Neste agravo afirma que o vinculante é inaplicável, no entanto não conseguiu demonstrar a distinção do caso concreto.

 

Com efeito, a agravante ofertou razões recursais em que pretende afastar a incidência de PIS e COFINS das taxas de cartão de crédito/débito.

 

A esse respeito, o Supremo Tribunal Federal, no julgamento do Tema 1024 de repercussão geral (RE 1.049.811), de relatoria do Min. ALEXANDRE DE MORAES, firmou a seguinte tese:

 

“É constitucional a inclusão dos valores retidos pelas administradoras de cartões na base de cálculo das contribuições ao PIS e da COFINS devidas por empresa que recebe pagamentos por meio de cartões de crédito e débito.”

 

Por derradeiro, a recorrente levanta a ocorrência de equívoco na apreciação do feito que consubstancia, na verdade, mera questão semântica, no intuito de tentar distinguir o pedido formulado, do quanto foi decidido no acórdão recorrido e no paradigma, porém, tal diferença, na singularidade, inexiste. Isto porque não há que se falar em direito de crédito sobre valores que são efetivamente devidos pela empresa, pois, consoante já dito, devem ser incluídos na base de cálculo do PIS e da COFINS (Tema 1.024/STF), sendo incabível seu aproveitamento.

 

No caso, não tendo sido comprovada a distinção do caso concreto a afastar a negativa de seguimento, o agravo não merece provimento.

 

Em face do exposto, nego provimento ao agravo interno.

 

É o voto.

 

 

 

 

 

 

 

 



E M E N T A

AGRAVO INTERNO. ENTENDIMENTO DO SUPREMO TRIBUNAL FEDERAL. OBSERVÂNCIA OBRIGATÓRIA. TEMA 1024. CONSTITUCIONALIDADE DA INCLUSÃO DOS VALORES RETIDOS PELAS ADMINISTRADORAS DE CARTÕES NA BASE DE CÁLCULO DAS CONTRIBUIÇÕES AO PIS E DA COFINS DEVIDAS POR EMPRESA QUE RECEBE PAGAMENTOS POR MEIO DE CARTÕES DE CRÉDITO E DÉBITO. NEGADO PROVIMENTO.

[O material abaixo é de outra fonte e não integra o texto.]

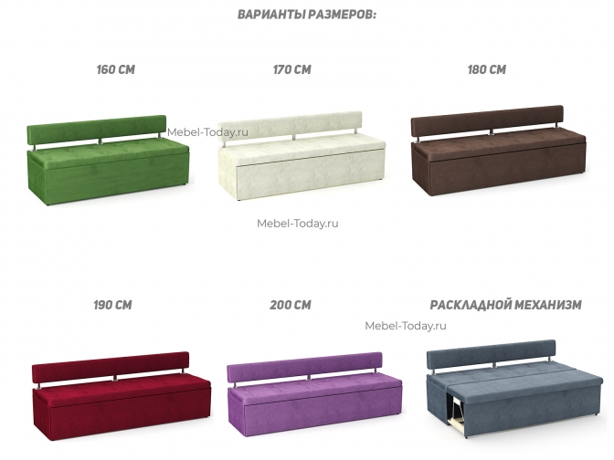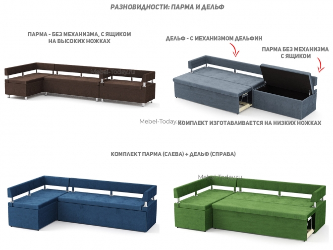 Также есть аналогичный диван Парма без механизма раскладывания (лавка) в трех вариантах: без подлокотников, угловой и с боковинами

1. Inclusão dos valores retidos pelas administradoras de cartões na base de cálculo das contribuições ao PIS e da COFINS devidas por empresa que recebe pagamentos por meio de cartões de crédito e débito.

2. Matéria firmada no Tema 1024 de repercussão geral.

3. Não demonstrada pelo agravante a distinção no caso concreto.

4. Agravo desprovido.


  ACÓRDÃO

Vistos e relatados estes autos em que são partes as acima indicadas, O Órgão Especial, por unanimidade, negou provimento ao Agravo Interno, nos termos do voto do Desembargador Federal Vice-Presidente JOHONSOM DI SALVO (Relator). Votaram os Desembargadores Federais: CARLOS DELGADO, NINO TOLDO, ALI MAZLOUM, MÔNICA NOBRE, GISELLE FRANÇA, COTRIM GUIMARÃES (convocado para compor quórum), TORU YAMAMOTO (convocado para compor quórum), SOUZA RIBEIRO (convocado para compor quórum), DAVID DANTAS (convocado para compor quórum), GILBERTO JORDAN (convocado para compor quórum), BAPTISTA PEREIRA, ANDRÉ NABARRETE, MAIRAN MAIA, NERY JUNIOR, CONSUELO YOSHIDA e MARISA SANTOS. Ausentes, justificadamente, os Desembargadores Federais THEREZINHA CAZERTA, LEILA PAIVA, MARCELO SARAIVA, NELTON DOS SANTOS e MARCELO VIEIRA. , nos termos do relatório e voto que ficam fazendo parte integrante do presente julgado.